Près d'une semaine après les intempéries de grêle qui ont frappé la Savoie, les viticulteurs utilisent des drones pour dresser un état des lieux précis des nombreux dégâts dans leurs exploitations. La région va débloquer un million d'euros d'aide supplémentaire pour le secteur viticole.

A 25 mètres au-dessus des vignes, les drones permettent de recenser précisément les dégâts causés par la grêle dans les exploitations.
A 25 mètres au-dessus des vignes, les drones permettent de recenser précisément les dégâts causés par la grêle dans les exploitations. © Radio France - Julie Pacaud

Saint-Baldoph, France

Près d'une semaine après les intempéries de grêle qui ont frappé la Savoie, les viticulteurs font appel aux drones pour dresser un état des lieux détaillé des nombreux dégâts dans leurs exploitations. Dans le vignoble d'Apremont, une zone de 200 hectares a été très impactée à l'instar de la parcelle de Laurent Cochet, vigneron à Saint-Baldoph. "Je suis autour de 90% de perte, c'est une année blanche," explique-t-il, dépité. Alors pour constater l'étendue des dégâts, l'entreprise Drone Process s'est rendue sur son vignoble avec un drone.
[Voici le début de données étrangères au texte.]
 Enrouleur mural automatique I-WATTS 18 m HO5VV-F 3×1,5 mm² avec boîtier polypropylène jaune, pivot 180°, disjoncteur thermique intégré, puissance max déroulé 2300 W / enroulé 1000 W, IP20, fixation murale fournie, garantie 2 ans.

En quelques minutes, l'engin équipé d'une caméra et d'un appareil photo prend quelques 200 à 250 clichés très précis de la parcelle. "L'idée c'est vraiment de quadriller le terrain" explique Thierry Coffinet, le responsable développement de l'entreprise. Chacune des photos prises est ainsi géo-référencée et il est ensuite possible de zoomer sur chaque centimètre carré de la vigne de façon à pouvoir constater les dégâts occasionnés par la grêle.
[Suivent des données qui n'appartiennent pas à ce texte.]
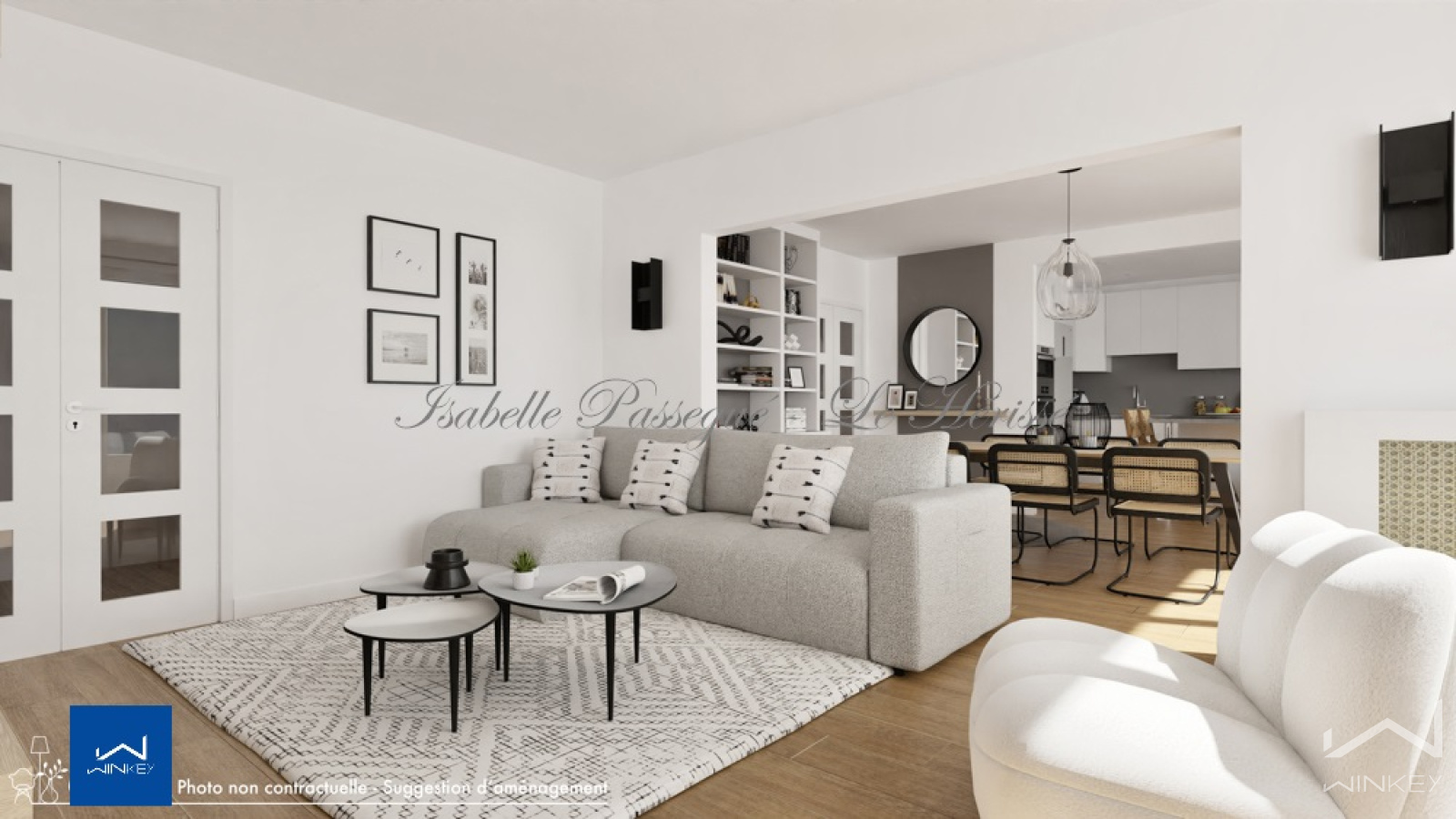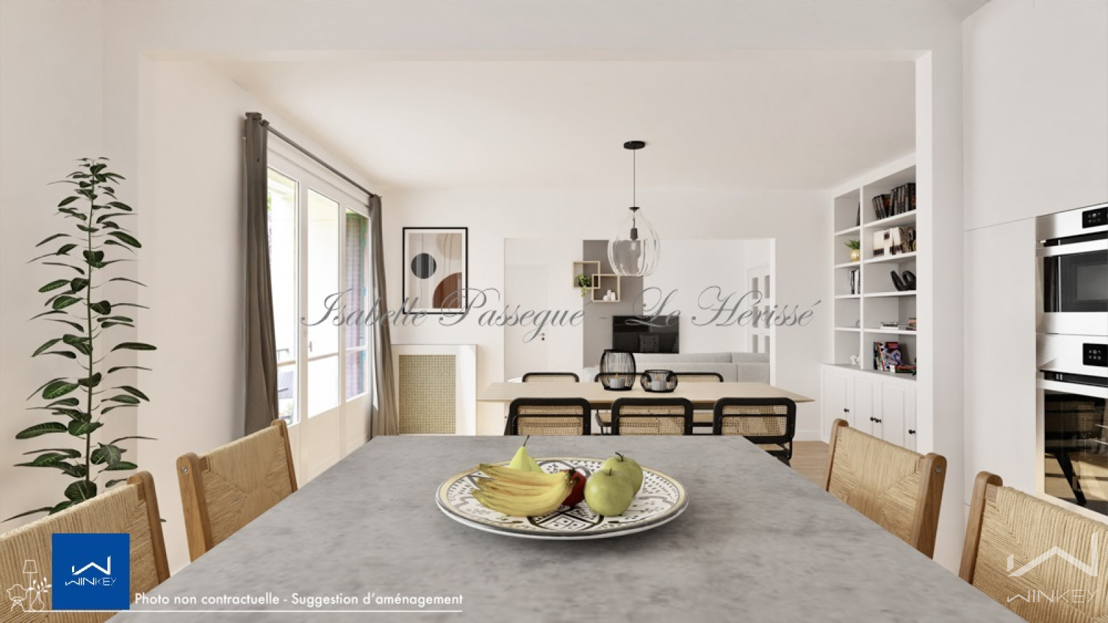 Une agréable entrée dessert un double séjour et une cuisine ouverte avec son îlot central, soit un ESPACE DE VIE de plus de 47 M² !

Pas d'indemnisation malgré l'état de catastrophe naturelle décrété

Si le ministre de l'agriculture Didier Guillaume a annoncé ce jeudi que l'état de catastrophe naturelle allait être reconnu dans 20 à 25 communes en Ardèche, dans la Drôme, en Isère, en Savoie et Haute-Savoie, Laurent Cochet n'est pas pour autant rassuré. "L'état de catastrophe naturelle c'est pour déclencher les assurances, or la plupart des viticulteurs ne sont pas assurés car cela coûte trop cher," déplore le vigneron qui attend une aide spécifique de l'Etat ou des mesures en interne de compensation entre exploitations. D'autant plus que, si la récolte 2019 est gâchée, les récoltes futures ne sont pas assurées. Les feuilles, les grappes et le bois :  c'est l'ensemble de la vigne qui est durement touchée. "On ne sait pas comment la vigne va se comporter dans les années à venir... on navigue à vue," ajoute Laurent Cochet. 

Un million d'euros d'aide supplémentaire pour le secteur viticole

Des intempéries qui arrivent dans un contexte d'embellie pour les vignerons de Savoie. "On sort d'une période où les cours des vins de Savoie étaient assez bas, cette année ils remontaient un peu, et on n'avait pas besoin d'un coup de grêle comme ça pour nous affaiblir encore plus," s'agace Franck Masson, vigneron et élu au syndicat régional des vins de Savoie. "On avait peu de revenus cette année et on n'en aura pas l'année prochaine." En visite dans le vignoble d'Apremont, le président de région Laurent Wauquiez a annoncé la mise en place d’une dotation spéciale d’un million d’euros pour le secteur viticole, en plus des 5 millions d’euros d'aide d'urgence aux agriculteurs annoncé en début de semaine.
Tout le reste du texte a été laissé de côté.